- _Problem statement_: Only one span is wanted from the lines below: from the one with "Avdelning 86. Korridor." up to and including the one with "The portfolio consisting". Copy it exactly, without images.

╭─ Extracted records

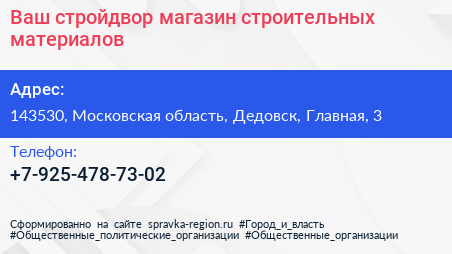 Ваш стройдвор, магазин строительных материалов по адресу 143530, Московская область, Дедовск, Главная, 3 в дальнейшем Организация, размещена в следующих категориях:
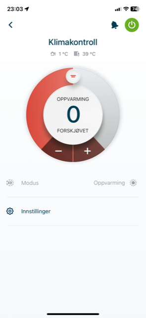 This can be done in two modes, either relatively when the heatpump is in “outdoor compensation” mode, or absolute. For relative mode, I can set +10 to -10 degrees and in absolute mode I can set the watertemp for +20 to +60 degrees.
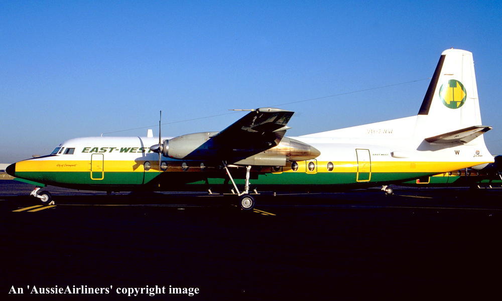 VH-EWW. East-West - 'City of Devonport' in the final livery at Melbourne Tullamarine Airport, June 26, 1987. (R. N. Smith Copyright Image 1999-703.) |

╰─
╭─ Extracted records

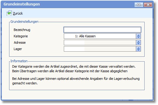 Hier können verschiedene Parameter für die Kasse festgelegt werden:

╰─
╭─ Extracted records

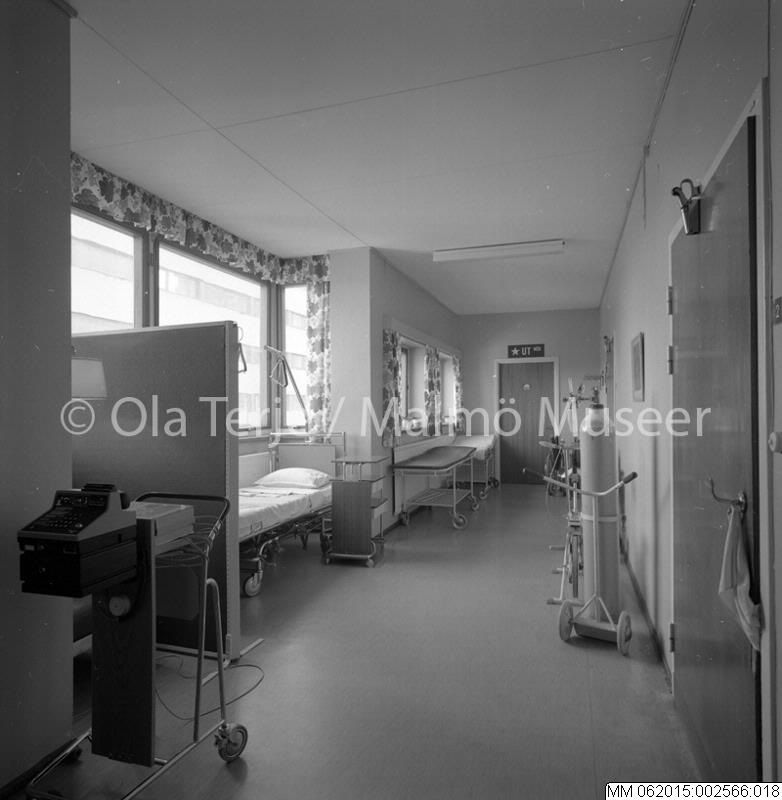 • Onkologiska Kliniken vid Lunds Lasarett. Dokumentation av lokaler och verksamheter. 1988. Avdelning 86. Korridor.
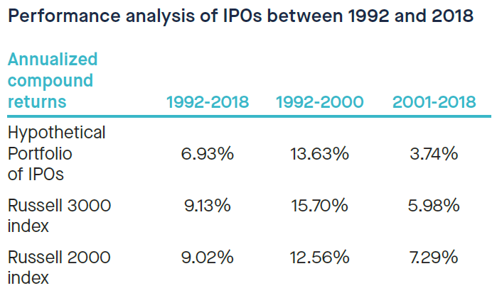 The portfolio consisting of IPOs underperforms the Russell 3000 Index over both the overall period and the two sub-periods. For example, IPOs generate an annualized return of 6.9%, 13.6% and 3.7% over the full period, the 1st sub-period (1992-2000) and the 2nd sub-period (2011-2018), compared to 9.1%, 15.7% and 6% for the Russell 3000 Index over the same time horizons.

╰─

- _Answer to this exercise_:
 • Onkologiska Kliniken vid Lunds Lasarett. Dokumentation av lokaler och verksamheter. 1988. Avdelning 86. Korridor.
 The portfolio consisting of IPOs underperforms the Russell 3000 Index over both the overall period and the two sub-periods. For example, IPOs generate an annualized return of 6.9%, 13.6% and 3.7% over the full period, the 1st sub-period (1992-2000) and the 2nd sub-period (2011-2018), compared to 9.1%, 15.7% and 6% for the Russell 3000 Index over the same time horizons.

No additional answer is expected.